Why a chat interface?

Let’s start with an example business scenario.

You’re an analyst working at BankCo and you’ve been asked to analyze financial data and economic indicators to make recommendations for investment strategies. You might need to answer questions such as “Which states had the most bank merger and acquisition events over the past five years?” or “What parts of the country are most impacted by inflation?”

Each of these questions requires a complex SQL query and the creation of visualizations to share the results. As is often the case, stakeholders may request changes to the analysis or have further questions that need exploration. Each question can lead to more questions, requiring additional queries, code, and Slack messages. This familiar and frustrating cycle presents an opportunity to leverage LLMs.

This is where the magic happens.

By connecting our chatbot to an LLM such as GPT-3.5 and our data stored in Snowflake, we can:

  • Harness the power of LLMs to answer user questions phrased in natural human language with a reply that includes a SQL query
  • Use Snowpark for Python to execute the SQL queries generated by the LLM on data stored in Snowflake
  • Render those query results natively in our chatbot using Streamlit

Fundamentally, we have empowered our chatbot to answer questions about the data stored in Snowflake!

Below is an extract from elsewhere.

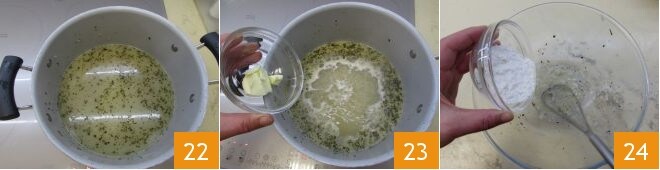 Reduza o líquido de cozimento 22 e acrescente os restantes 10 g de manteiga 23 que você deixará derreter. Transfira uma concha do líquido de cozimento para uma tigela grande na qual você colocará a farinha em chuva, continuando a bater com o fouet manualmente para criar uma mistura homogênea e sem grumos 24.

This eliminates the barrier preventing non-technical business users from getting valuable insights from Snowflake data. Now, anyone capable of asking a question can interact with and learn from their data, without writing a single SQL query.

In many ways, this interactive, SQL-savvy chatbot outperforms the traditional dashboard. Instead of tediously tweaking dashboard architecture and logic to address a business user’s one-off questions, that time can be spent curating a chatbot capable of answering a limitless number of questions.

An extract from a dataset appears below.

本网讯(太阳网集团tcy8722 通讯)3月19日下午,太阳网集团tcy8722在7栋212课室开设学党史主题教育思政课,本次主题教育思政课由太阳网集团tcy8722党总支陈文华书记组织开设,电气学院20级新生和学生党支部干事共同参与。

Frosty: build an LLM chatbot in Streamlit on your Snowflake data

In this tutorial, we’ll build a chatbot named Frosty.

Frosty performs data exploration and answers questions by writing and executing SQL queries on Snowflake data. The application uses Streamlit and Snowflake and can be integrated with your LLM. You can also use data from Snowflake Marketplace.

This is a high-level overview of the app’s main concepts and architecture. If you want to dig into the code in more detail, please check out the complete Snowflake Quickstart.

Diagram demonstrating the architecture of the app

Main concepts

Snowflake Marketplace

The Snowflake Marketplace provides users with access to a wide range of datasets from third-party data stewards, expanding the data available for transforming business processes and making decisions. Data providers can publish datasets and offer data analytics services to Snowflake customers. Customers can securely access shared datasets directly from their Snowflake accounts and receive automatic real-time updates.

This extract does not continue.